A client with arthritis is scheduled for a surgical knee joint replacement. The client will be admitted to the hospital on the day of the surgical procedure, and the nurse is providing instructions to the client regarding preparation for the surgical procedure. Which statement by the client indicates an understanding of the preoperative instructions?

"I cannot drink or eat anything after midnight on the night before surgery."

A nurse is providing instructions to a client following mastectomy who will be discharged with an axillary drain in place. The client will be receiving home care visits from a registered nurse to monitor drainage and perform dressing changes. Which statement by the client indicates a need for further instructions?

"I need to begin full range-of-motion (ROM) exercises to my upper arm as soon as I get home."

A client who currently underwent abdominal surgery experiences an evisceration. Which statement made by the client supports this diagnosis?

"It felt like something just slit me wide open."

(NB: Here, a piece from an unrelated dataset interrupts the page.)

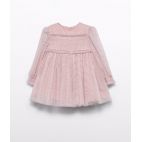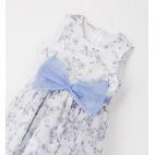 Abito smanicato per bambina Sarabanda realizzato in tulle con fanntasia all over e foderain cotone. Apertura dietro con zip invisibile.Lunghezza al ginocchio. Cintura in vita con fiocco realizzata in tulle

A client who had knee surgery 4 days ago reports to the home health nurse that he has not had a bowel movement since before the surgery. Which question would assist the nurse in the collection of data regarding the client's problem?

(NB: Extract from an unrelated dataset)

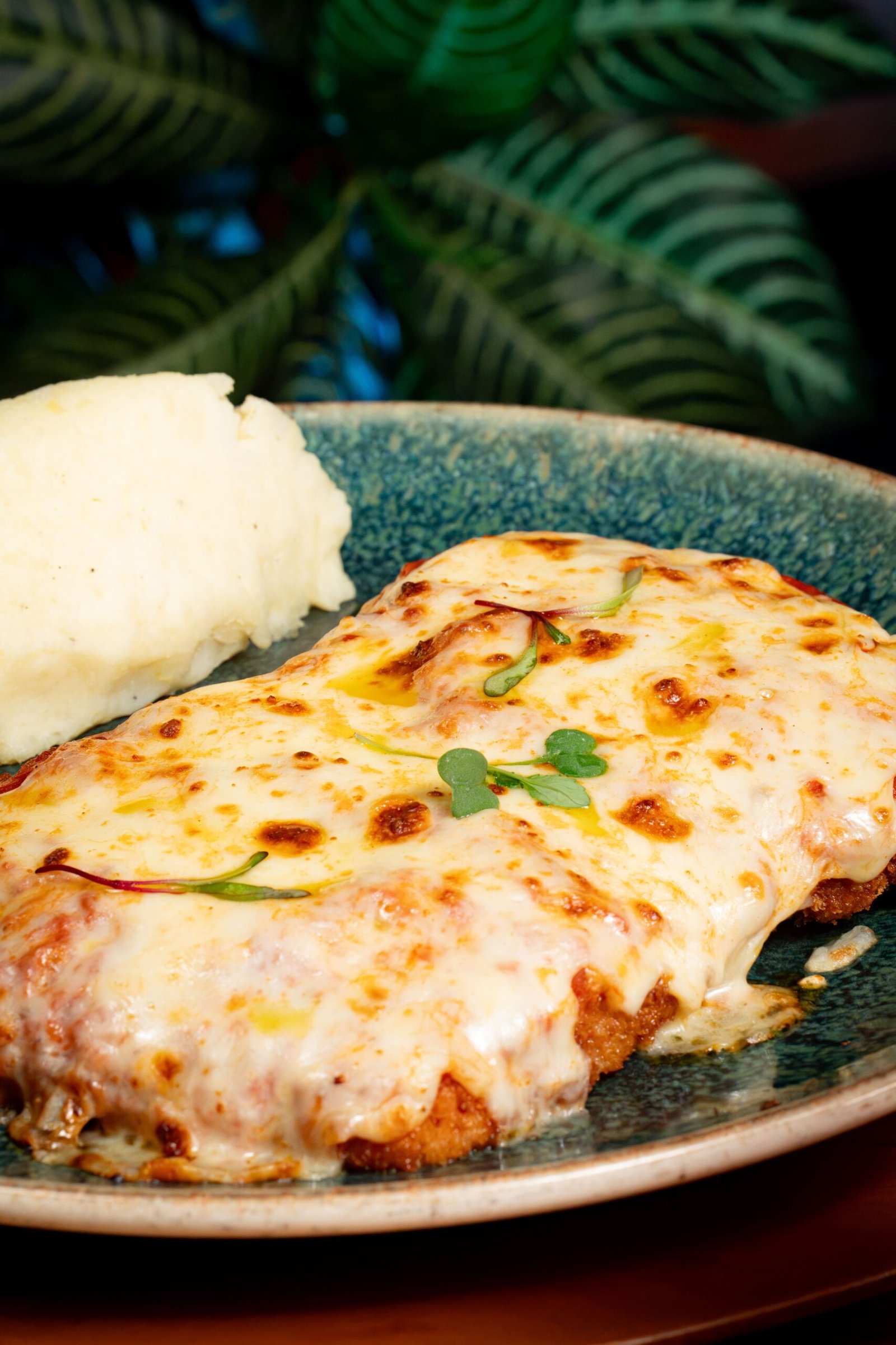 Milanesa de pollo crocante, gratinada con salsa napolitana. Acompañada de papa en casco y ensalada.

"What have you been eating and drinking since the surgery?"

A nurse is monitoring an adult client for postoperative complications. Which of the following would be the most indicative of a potential postoperative complication that requires further observation?

A urinary output of 20 mL/hour

A client has an intravenous infusion (IV) started before surgery for a right below-the-knee amputation. In addition to the intravenous infusion, blood is drawn and a surgical skin preparation is done. The nurse anticipates that the client is likely to experience which psychosocial problem in the preoperative period?

Anxiety

The skin surrounding a postoperative client's abdominal wound is becoming irritated in the area where the dressing tape is being reapplied with each dressing change. Which of the following is the appropriate nursing action?

Apply Montgomery ties.

A nurse is checking a client's surgical incision and notes an increase in the amount of drainage, a separation of the incision line, and the appearance of underlying tissue. Which of the following is the initial action?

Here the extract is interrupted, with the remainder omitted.